# Work instruction
For the data that follows, print the line with "COVID 19 BEDS(Govt", the line with "官方通報(bào)張家港鳳凰", and all lines between them, exactly as they stand. Omit pictures and add nothing.

# Extracted data
= Beginning of Section =

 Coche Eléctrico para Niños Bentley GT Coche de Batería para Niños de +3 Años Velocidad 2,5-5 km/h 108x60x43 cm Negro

= End of Section =
= Beginning of Section =

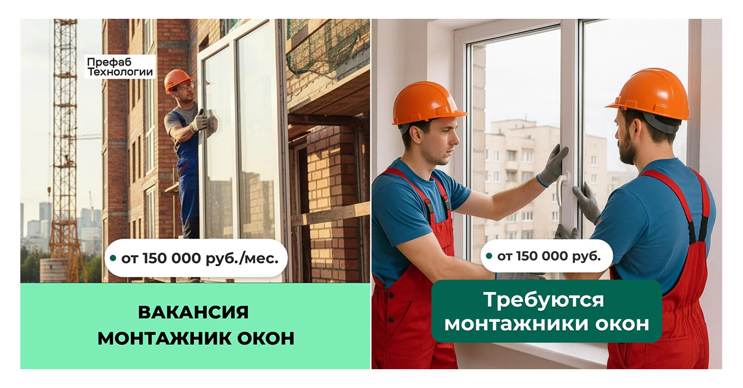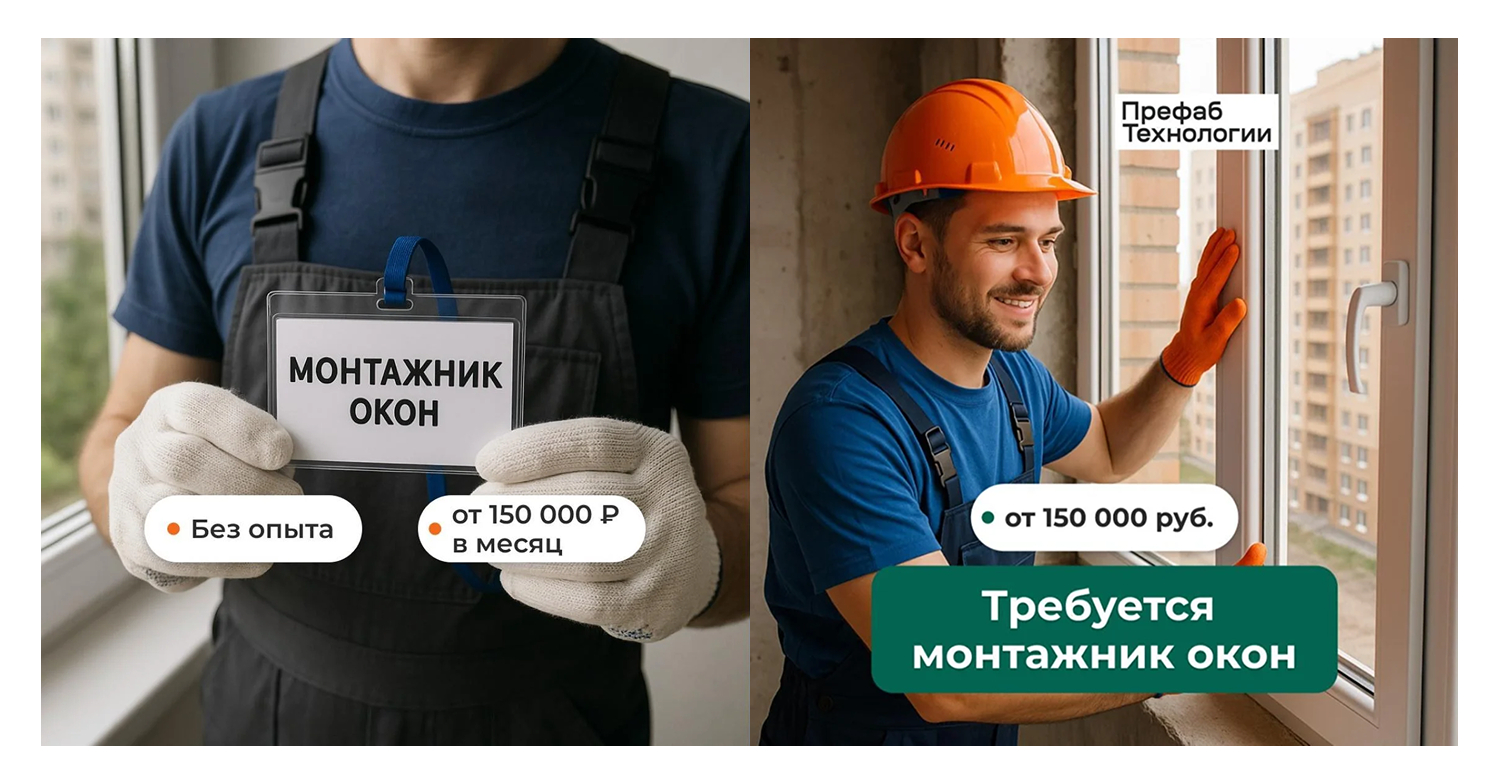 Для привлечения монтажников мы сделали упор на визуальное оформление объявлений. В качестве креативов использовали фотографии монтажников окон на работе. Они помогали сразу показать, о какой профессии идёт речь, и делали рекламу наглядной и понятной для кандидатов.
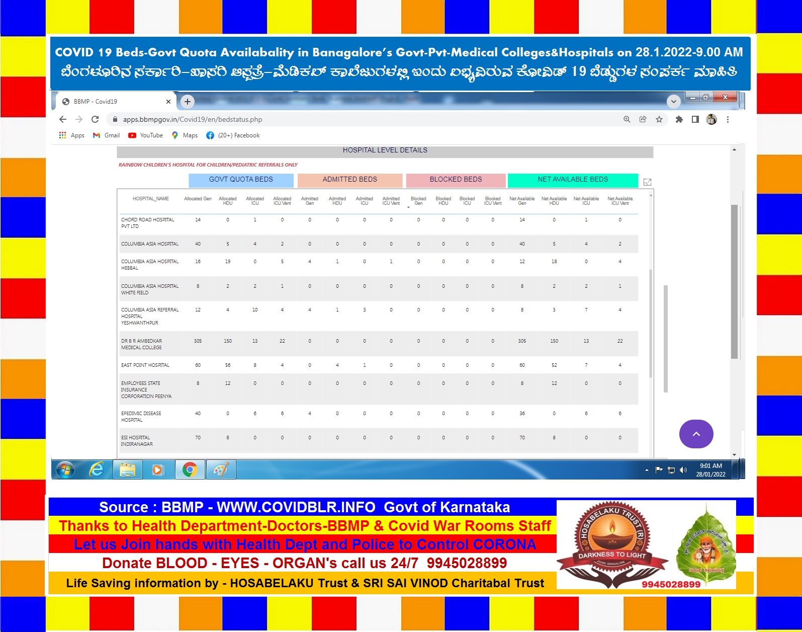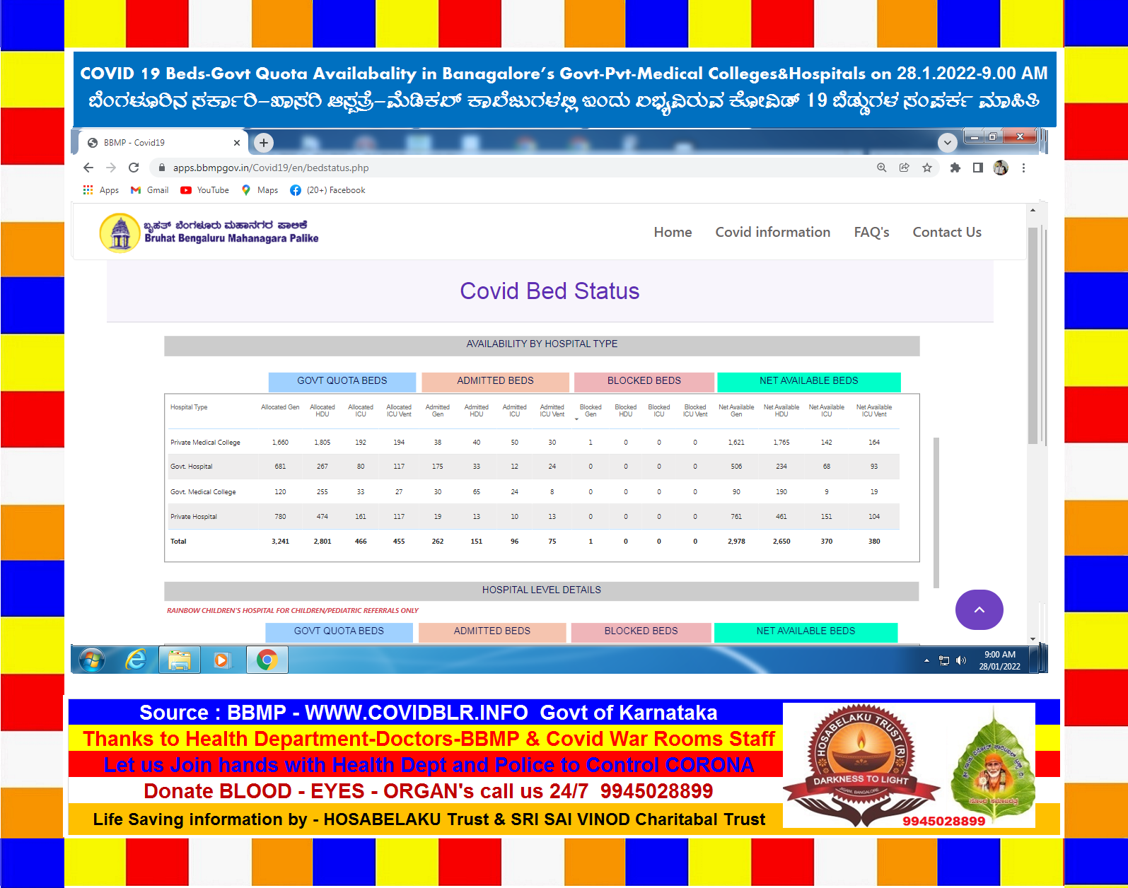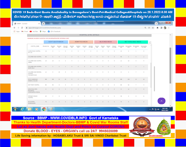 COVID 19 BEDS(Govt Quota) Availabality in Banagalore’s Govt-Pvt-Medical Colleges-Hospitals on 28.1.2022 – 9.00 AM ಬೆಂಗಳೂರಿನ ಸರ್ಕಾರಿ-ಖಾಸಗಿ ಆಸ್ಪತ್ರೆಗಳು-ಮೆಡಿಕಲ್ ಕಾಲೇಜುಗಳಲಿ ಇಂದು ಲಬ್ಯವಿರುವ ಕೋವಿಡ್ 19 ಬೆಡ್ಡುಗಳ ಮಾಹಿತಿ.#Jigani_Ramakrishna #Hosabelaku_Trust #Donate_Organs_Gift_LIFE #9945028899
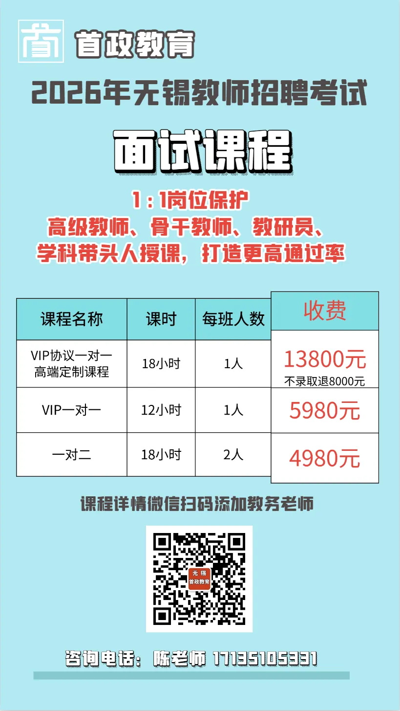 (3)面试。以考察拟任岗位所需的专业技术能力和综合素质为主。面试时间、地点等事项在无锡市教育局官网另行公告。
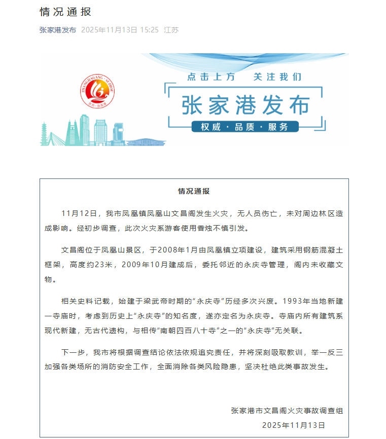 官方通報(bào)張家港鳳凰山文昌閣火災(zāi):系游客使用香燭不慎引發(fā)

= End of Section =

# Exercise output
 COVID 19 BEDS(Govt Quota) Availabality in Banagalore’s Govt-Pvt-Medical Colleges-Hospitals on 28.1.2022 – 9.00 AM ಬೆಂಗಳೂರಿನ ಸರ್ಕಾರಿ-ಖಾಸಗಿ ಆಸ್ಪತ್ರೆಗಳು-ಮೆಡಿಕಲ್ ಕಾಲೇಜುಗಳಲಿ ಇಂದು ಲಬ್ಯವಿರುವ ಕೋವಿಡ್ 19 ಬೆಡ್ಡುಗಳ ಮಾಹಿತಿ.#Jigani_Ramakrishna #Hosabelaku_Trust #Donate_Organs_Gift_LIFE #9945028899
 (3)面试。以考察拟任岗位所需的专业技术能力和综合素质为主。面试时间、地点等事项在无锡市教育局官网另行公告。
 官方通報(bào)張家港鳳凰山文昌閣火災(zāi):系游客使用香燭不慎引發(fā)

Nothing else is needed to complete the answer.